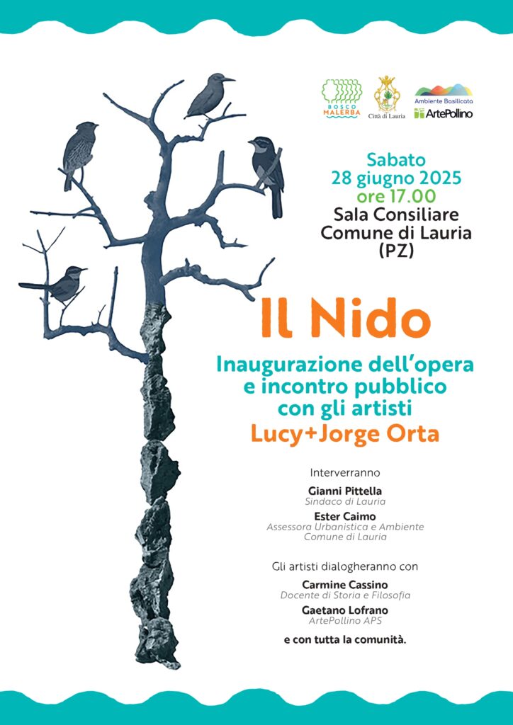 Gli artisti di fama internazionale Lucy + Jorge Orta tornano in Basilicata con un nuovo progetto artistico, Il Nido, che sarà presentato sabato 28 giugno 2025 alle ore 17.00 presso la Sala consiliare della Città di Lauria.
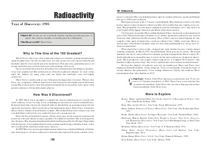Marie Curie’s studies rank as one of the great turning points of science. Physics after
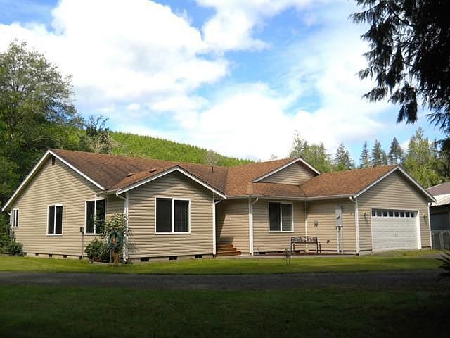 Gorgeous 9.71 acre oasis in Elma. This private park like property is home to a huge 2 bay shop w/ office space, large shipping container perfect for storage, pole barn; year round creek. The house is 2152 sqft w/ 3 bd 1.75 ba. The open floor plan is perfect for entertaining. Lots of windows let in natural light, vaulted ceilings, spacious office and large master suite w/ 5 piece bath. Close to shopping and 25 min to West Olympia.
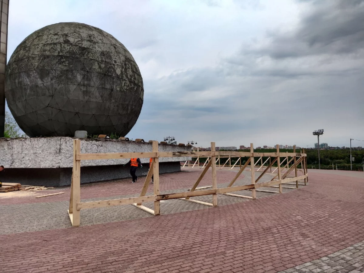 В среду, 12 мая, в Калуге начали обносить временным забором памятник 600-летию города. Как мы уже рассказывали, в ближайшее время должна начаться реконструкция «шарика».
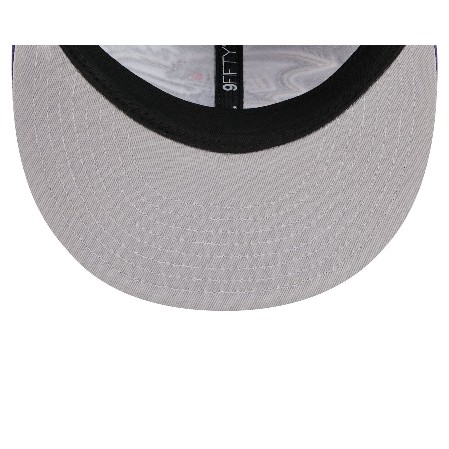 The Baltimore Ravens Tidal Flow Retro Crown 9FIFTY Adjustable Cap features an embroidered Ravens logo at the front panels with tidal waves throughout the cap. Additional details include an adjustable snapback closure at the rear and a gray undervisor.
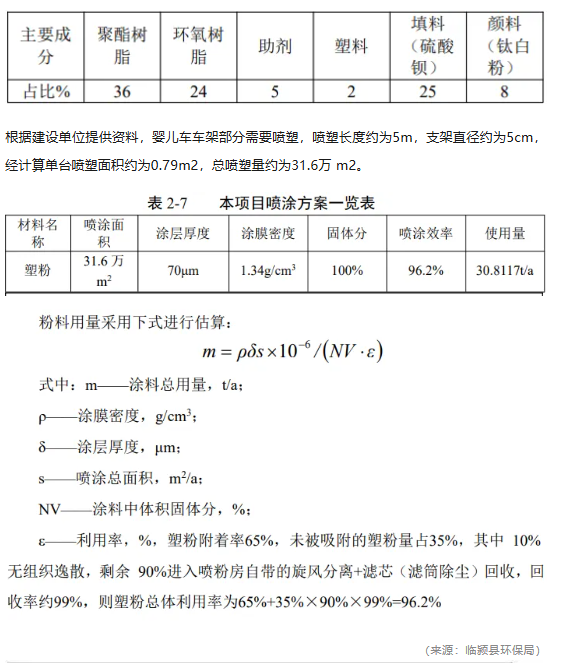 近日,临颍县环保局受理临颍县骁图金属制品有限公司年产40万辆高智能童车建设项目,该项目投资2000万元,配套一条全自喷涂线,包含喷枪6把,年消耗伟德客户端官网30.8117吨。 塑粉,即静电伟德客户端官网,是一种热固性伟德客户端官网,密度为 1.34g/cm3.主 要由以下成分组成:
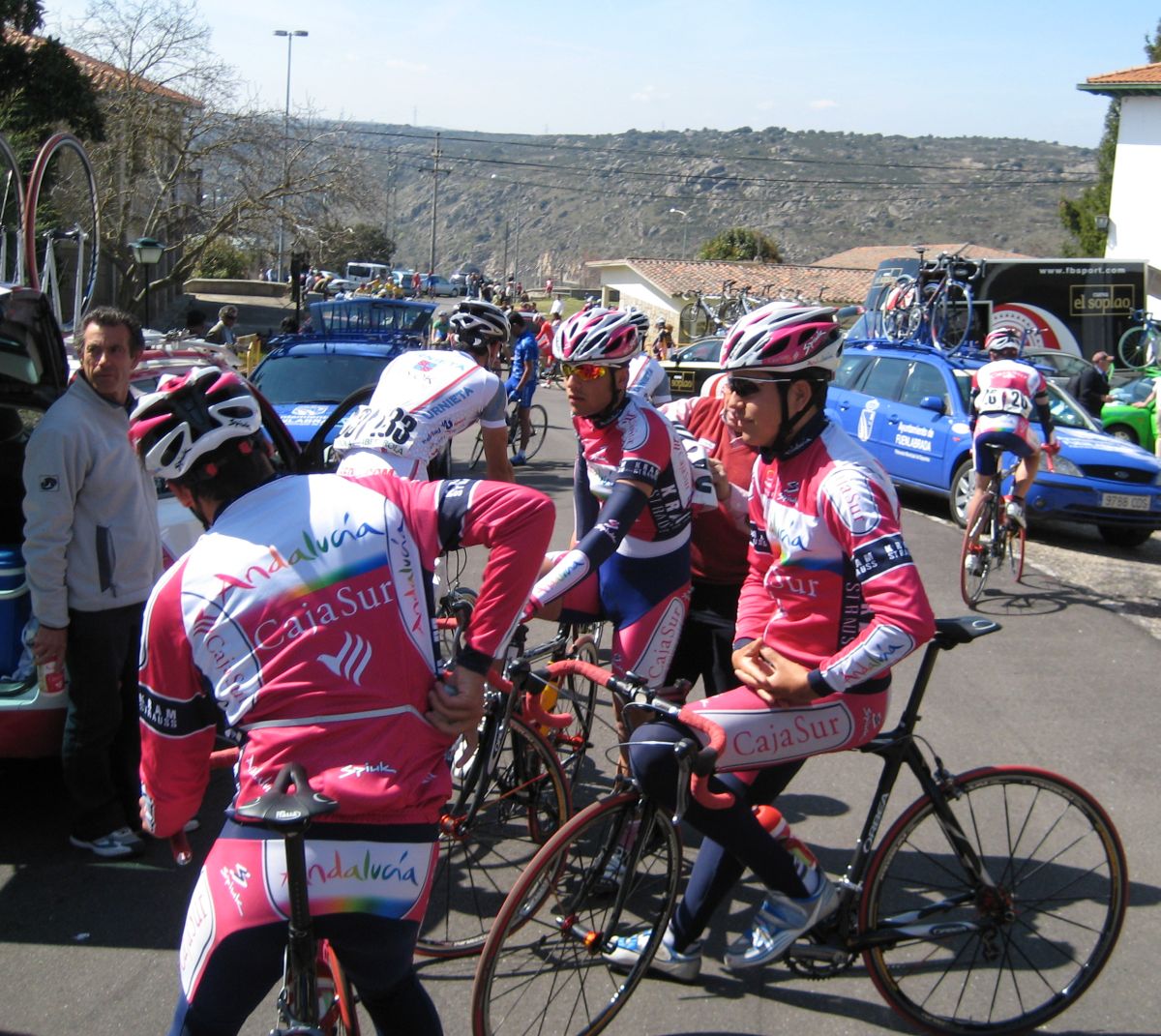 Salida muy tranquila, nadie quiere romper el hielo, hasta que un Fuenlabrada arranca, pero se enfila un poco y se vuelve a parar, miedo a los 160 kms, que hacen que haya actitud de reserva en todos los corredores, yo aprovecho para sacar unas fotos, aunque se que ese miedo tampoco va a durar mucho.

*EXERCISE DETAILS:* Word for word, reproduce the material above and omit each image.

*RESPONSE TO THE TASK:*
 Gli artisti di fama internazionale Lucy + Jorge Orta tornano in Basilicata con un nuovo progetto artistico, Il Nido, che sarà presentato sabato 28 giugno 2025 alle ore 17.00 presso la Sala consiliare della Città di Lauria.
Marie Curie’s studies rank as one of the great turning points of science. Physics after
 Gorgeous 9.71 acre oasis in Elma. This private park like property is home to a huge 2 bay shop w/ office space, large shipping container perfect for storage, pole barn; year round creek. The house is 2152 sqft w/ 3 bd 1.75 ba. The open floor plan is perfect for entertaining. Lots of windows let in natural light, vaulted ceilings, spacious office and large master suite w/ 5 piece bath. Close to shopping and 25 min to West Olympia.
 В среду, 12 мая, в Калуге начали обносить временным забором памятник 600-летию города. Как мы уже рассказывали, в ближайшее время должна начаться реконструкция «шарика».
 The Baltimore Ravens Tidal Flow Retro Crown 9FIFTY Adjustable Cap features an embroidered Ravens logo at the front panels with tidal waves throughout the cap. Additional details include an adjustable snapback closure at the rear and a gray undervisor.
 近日,临颍县环保局受理临颍县骁图金属制品有限公司年产40万辆高智能童车建设项目,该项目投资2000万元,配套一条全自喷涂线,包含喷枪6把,年消耗伟德客户端官网30.8117吨。 塑粉,即静电伟德客户端官网,是一种热固性伟德客户端官网,密度为 1.34g/cm3.主 要由以下成分组成:
 Salida muy tranquila, nadie quiere romper el hielo, hasta que un Fuenlabrada arranca, pero se enfila un poco y se vuelve a parar, miedo a los 160 kms, que hacen que haya actitud de reserva en todos los corredores, yo aprovecho para sacar unas fotos, aunque se que ese miedo tampoco va a durar mucho.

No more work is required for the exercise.